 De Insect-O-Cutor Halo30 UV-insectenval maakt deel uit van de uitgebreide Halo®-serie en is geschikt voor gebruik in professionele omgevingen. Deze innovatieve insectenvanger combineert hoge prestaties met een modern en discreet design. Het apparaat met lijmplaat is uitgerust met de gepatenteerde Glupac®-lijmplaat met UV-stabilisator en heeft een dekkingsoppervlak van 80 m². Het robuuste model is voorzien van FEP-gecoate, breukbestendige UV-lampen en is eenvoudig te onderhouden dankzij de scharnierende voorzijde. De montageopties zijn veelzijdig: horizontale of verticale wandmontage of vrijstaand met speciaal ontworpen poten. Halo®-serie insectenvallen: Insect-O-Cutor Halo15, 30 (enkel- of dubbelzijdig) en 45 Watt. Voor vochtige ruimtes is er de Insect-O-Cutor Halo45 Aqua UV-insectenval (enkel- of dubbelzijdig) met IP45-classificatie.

--

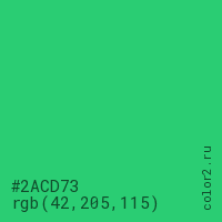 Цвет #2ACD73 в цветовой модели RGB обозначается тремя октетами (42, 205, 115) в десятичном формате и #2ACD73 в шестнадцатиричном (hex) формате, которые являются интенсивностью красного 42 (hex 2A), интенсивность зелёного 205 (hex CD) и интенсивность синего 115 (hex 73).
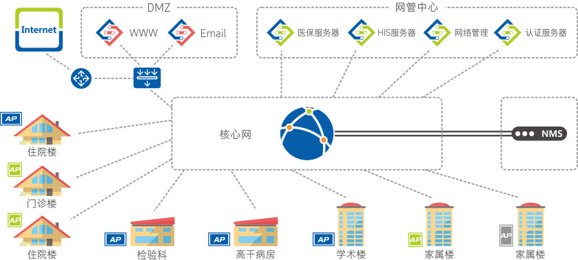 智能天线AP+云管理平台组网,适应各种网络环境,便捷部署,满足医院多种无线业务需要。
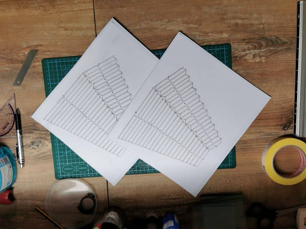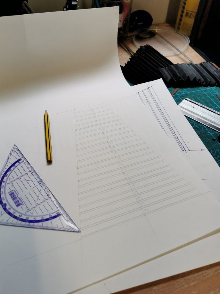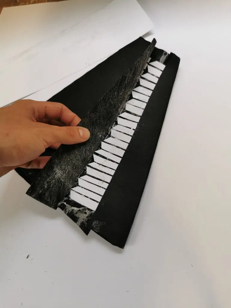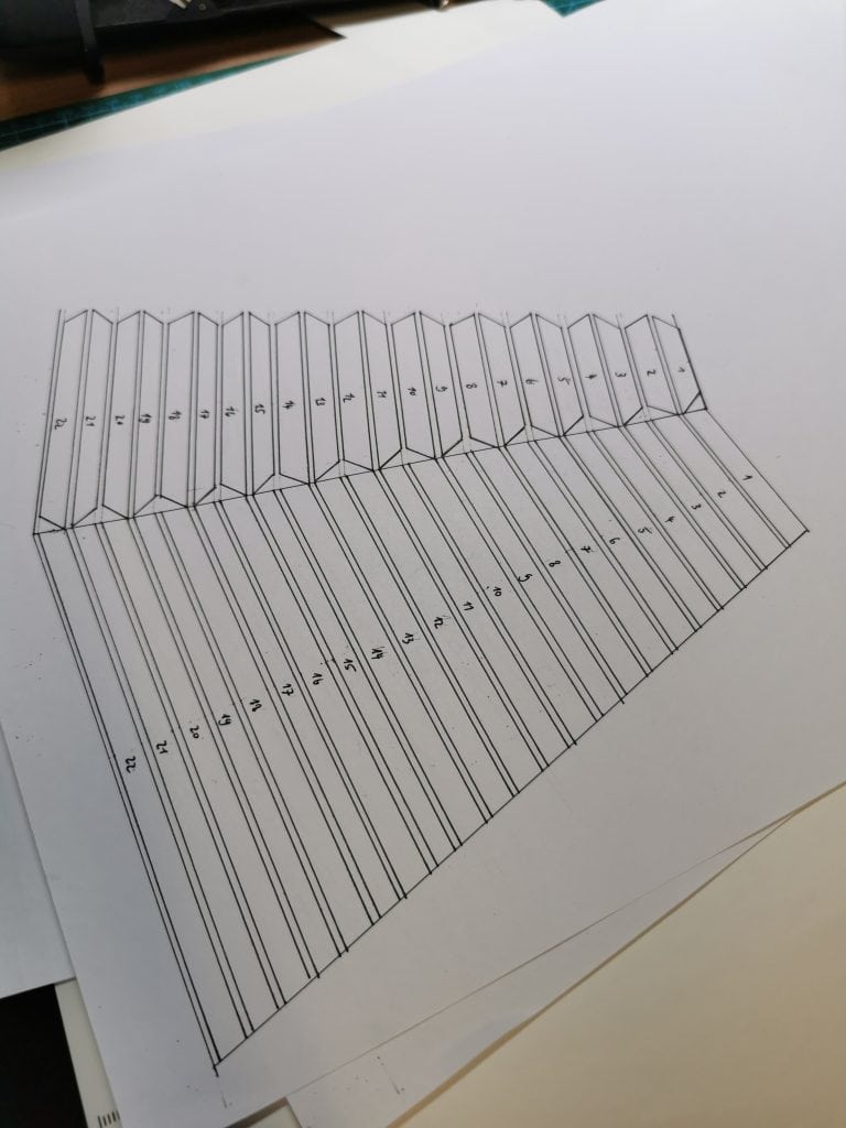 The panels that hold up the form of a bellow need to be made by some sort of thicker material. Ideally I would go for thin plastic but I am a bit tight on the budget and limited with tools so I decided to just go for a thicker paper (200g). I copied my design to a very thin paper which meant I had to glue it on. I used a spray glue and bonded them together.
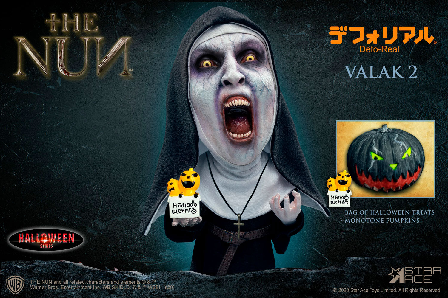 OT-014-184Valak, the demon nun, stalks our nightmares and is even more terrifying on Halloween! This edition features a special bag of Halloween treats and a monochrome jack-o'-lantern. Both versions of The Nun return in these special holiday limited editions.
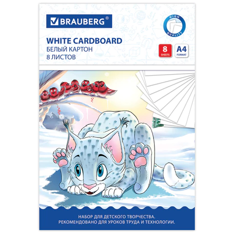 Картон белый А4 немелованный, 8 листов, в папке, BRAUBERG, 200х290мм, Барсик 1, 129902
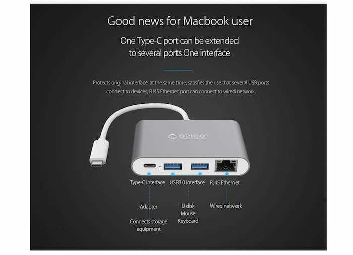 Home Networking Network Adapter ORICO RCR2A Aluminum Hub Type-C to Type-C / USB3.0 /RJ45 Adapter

--- Task directions ---
Drop the pictures; return the lines above from the line containing "The panels that" to the line containing "Home Networking Network", both included, exactly.

--- Expected answer ---
 The panels that hold up the form of a bellow need to be made by some sort of thicker material. Ideally I would go for thin plastic but I am a bit tight on the budget and limited with tools so I decided to just go for a thicker paper (200g). I copied my design to a very thin paper which meant I had to glue it on. I used a spray glue and bonded them together.
 OT-014-184Valak, the demon nun, stalks our nightmares and is even more terrifying on Halloween! This edition features a special bag of Halloween treats and a monochrome jack-o'-lantern. Both versions of The Nun return in these special holiday limited editions.
 Картон белый А4 немелованный, 8 листов, в папке, BRAUBERG, 200х290мм, Барсик 1, 129902
 Home Networking Network Adapter ORICO RCR2A Aluminum Hub Type-C to Type-C / USB3.0 /RJ45 Adapter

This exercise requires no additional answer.